Ганс вскочил и протянул Николаю руку, но Альма угрожающе зарычала и оскалила пасть.
— Убери ты свою волчицу, не то я ее пристрелю, — вскрикнул Ганс, отдергивая руку.
— Мы ее в разведку возьмем, — сказал Похлебаев, уводя Альму.
Во дворе он отпустил ее, потом подошел к будке, взял в руки цепь и подозвал Альму. Она покорно подошла, лизнула Николаю руку и виляла хвостом до тех пор, пока он не вошел в дом.
Тем временем Лиля передала Гансу все, что успела узнать, и тот самодовольно потирал руки.

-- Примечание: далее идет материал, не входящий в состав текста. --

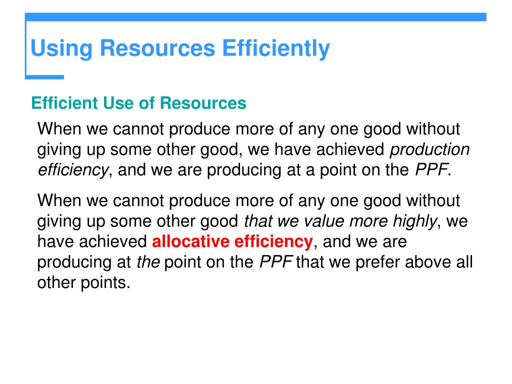 Using Resources Efficiently • Efficient Use of Resources • When we cannot produce more of any one good without giving up some other good, we have achieved production efficiency, and we are producing at a point on the PPF. • When we cannot produce more of any one good without giving up some other good that we value more highly, we have achieved allocative efficiency, and we are producing at the point on the PPF that we prefer above all other points.
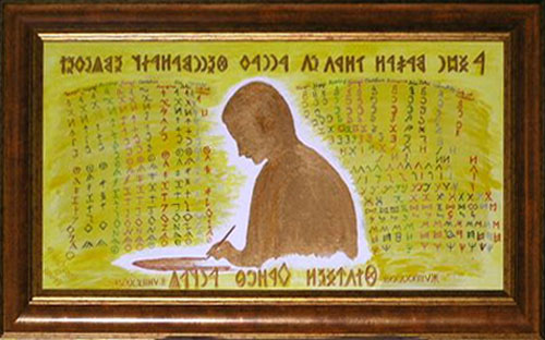 fellelt emlékeit és betűsorait összegyűjtötte, más népek írásával összehasonlította,
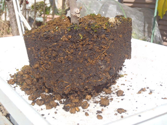 底(底面)を10pほど切り落とし周りは熊手で引っ掻いて根をほぐし、だいたい3〜5p程度の土を落としました。
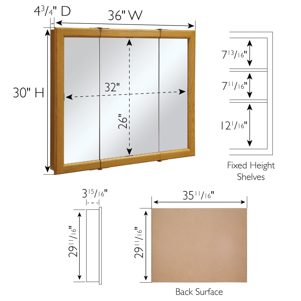 Measures 36 inches W x 4.75 inches D x 30 inches H Features a honey oak finish with a water resistant seal (3) doors and (2) stationary shelves Comes fully assembled and ready for installation 1-year limited warranty Product ships in improved packaging to ensure a safe and secure delivery without damage

Обладая новыми сведениями, он нетерпеливо посматривал на часы и, дождавшись Похлебаева, сказал:
— К сожалению, сейчас нам даже не удастся посидеть за столом, но ничего — скоро мы закатим настоящую пирушку. Это я вам обещаю.

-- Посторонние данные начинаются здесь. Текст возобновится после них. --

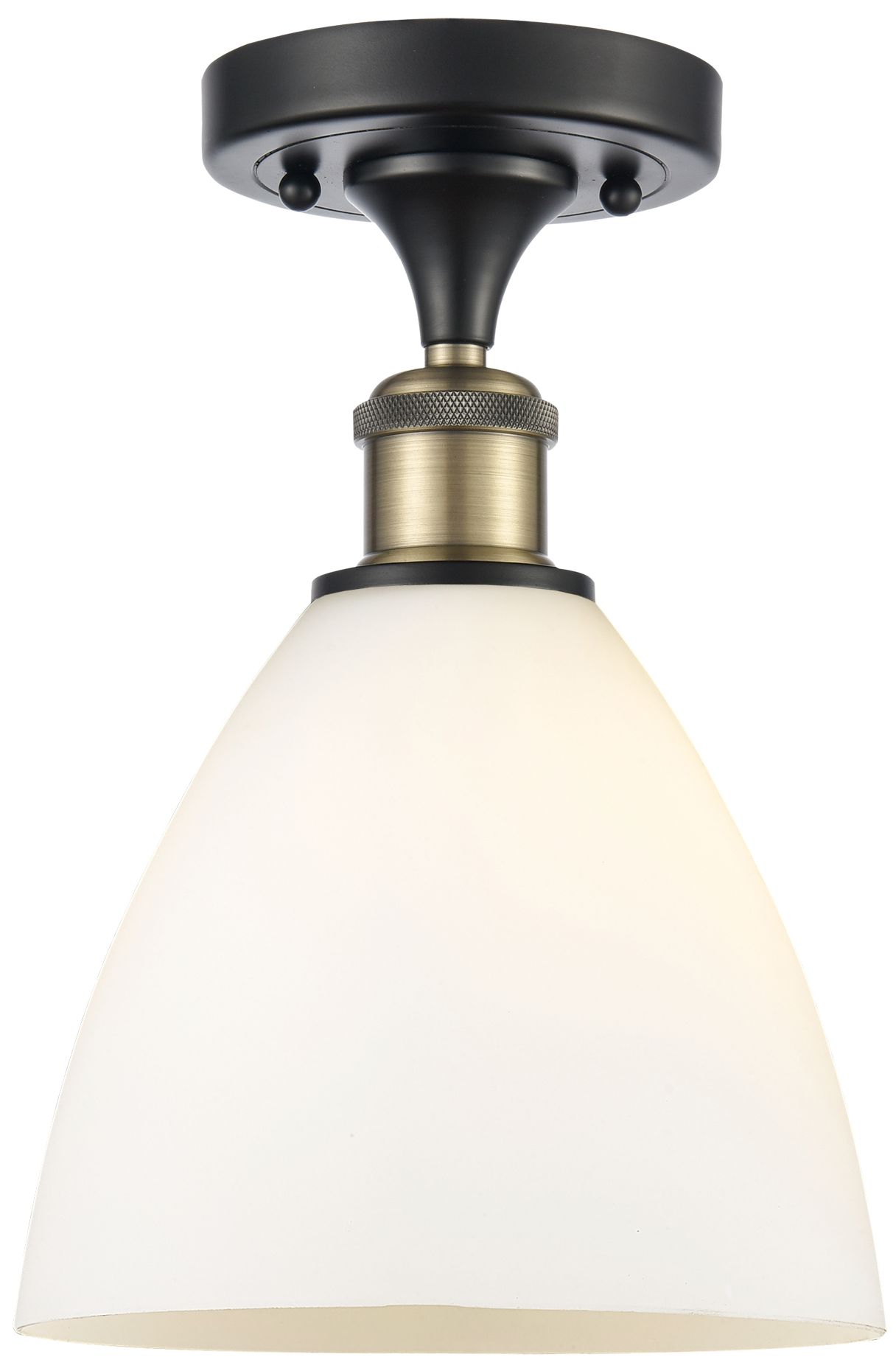 Bristol Glass 8" Semi-Flush Mount - Black Antique Brass - Matte White

— Будем надеяться! — откликнулся Похлебаев, откупоривая бутылку французского коньяка. — А пока — на дорожку по рюмочке!
Он налил в рюмки, и все, стоя, выпили за Лилю.
На обратном пути Ганс под большим секретом сообщил Похлебаеву о том, что в девять утра в Минск прибывает личный представитель Гитлера.
При въезде в город у Ганса и Похлебаева снова проверяли документы, причем офицер на контрольном пункте сказал Гансу, что с девяти утра вводятся новые пропуска.
Ровно в девять Ганс позвонил из комиссариата Штрауху, но его уже не было — шеф поехал на аэродром встречать представителя ставки. Ганс отправился домой, решив немного отдохнуть и привести себя в порядок после дороги.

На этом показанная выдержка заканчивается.